_Prompt_: From the first line through the line containing "четкие, мягкие тона.", transcribe the records exactly and include no other lines.

☆ ☆ ☆ ☆ ☆

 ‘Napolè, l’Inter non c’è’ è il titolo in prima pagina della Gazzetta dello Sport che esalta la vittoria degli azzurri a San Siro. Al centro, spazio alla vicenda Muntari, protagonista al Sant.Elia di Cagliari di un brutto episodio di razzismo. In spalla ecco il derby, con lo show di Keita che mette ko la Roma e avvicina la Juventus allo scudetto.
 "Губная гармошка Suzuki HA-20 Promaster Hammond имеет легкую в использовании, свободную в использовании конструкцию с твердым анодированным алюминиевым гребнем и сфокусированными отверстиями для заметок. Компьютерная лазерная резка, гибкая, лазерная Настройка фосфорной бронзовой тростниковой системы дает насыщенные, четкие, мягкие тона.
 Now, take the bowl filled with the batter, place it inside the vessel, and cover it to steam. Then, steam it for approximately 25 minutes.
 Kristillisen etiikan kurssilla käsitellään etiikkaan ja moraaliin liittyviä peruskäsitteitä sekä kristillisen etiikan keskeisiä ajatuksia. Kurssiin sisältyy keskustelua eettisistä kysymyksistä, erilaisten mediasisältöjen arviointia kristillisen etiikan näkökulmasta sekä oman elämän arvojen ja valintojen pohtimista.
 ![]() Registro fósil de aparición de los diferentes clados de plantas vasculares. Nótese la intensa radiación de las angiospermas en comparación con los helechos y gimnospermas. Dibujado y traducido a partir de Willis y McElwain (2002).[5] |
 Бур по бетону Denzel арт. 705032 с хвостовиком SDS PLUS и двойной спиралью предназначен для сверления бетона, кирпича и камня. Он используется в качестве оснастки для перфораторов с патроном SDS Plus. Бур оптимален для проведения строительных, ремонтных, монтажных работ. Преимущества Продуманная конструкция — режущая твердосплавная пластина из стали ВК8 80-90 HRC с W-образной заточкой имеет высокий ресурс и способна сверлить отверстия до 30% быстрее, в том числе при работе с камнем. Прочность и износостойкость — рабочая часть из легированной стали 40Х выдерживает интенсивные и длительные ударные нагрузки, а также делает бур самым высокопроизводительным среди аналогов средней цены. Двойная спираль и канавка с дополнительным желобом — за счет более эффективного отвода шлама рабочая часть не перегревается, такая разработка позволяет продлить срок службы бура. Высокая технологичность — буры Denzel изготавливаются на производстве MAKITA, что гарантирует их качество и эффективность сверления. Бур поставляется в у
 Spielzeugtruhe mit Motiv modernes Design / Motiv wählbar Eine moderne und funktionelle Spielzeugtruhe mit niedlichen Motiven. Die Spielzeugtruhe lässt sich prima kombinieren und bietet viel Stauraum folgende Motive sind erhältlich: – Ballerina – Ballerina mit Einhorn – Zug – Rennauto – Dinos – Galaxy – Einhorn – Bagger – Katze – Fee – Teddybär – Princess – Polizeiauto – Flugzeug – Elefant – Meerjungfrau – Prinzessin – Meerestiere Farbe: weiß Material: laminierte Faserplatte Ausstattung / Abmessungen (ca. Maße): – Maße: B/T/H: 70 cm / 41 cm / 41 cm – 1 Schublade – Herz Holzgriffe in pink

☆ ☆ ☆ ☆ ☆

_Completed task_:
 ‘Napolè, l’Inter non c’è’ è il titolo in prima pagina della Gazzetta dello Sport che esalta la vittoria degli azzurri a San Siro. Al centro, spazio alla vicenda Muntari, protagonista al Sant.Elia di Cagliari di un brutto episodio di razzismo. In spalla ecco il derby, con lo show di Keita che mette ko la Roma e avvicina la Juventus allo scudetto.
 "Губная гармошка Suzuki HA-20 Promaster Hammond имеет легкую в использовании, свободную в использовании конструкцию с твердым анодированным алюминиевым гребнем и сфокусированными отверстиями для заметок. Компьютерная лазерная резка, гибкая, лазерная Настройка фосфорной бронзовой тростниковой системы дает насыщенные, четкие, мягкие тона.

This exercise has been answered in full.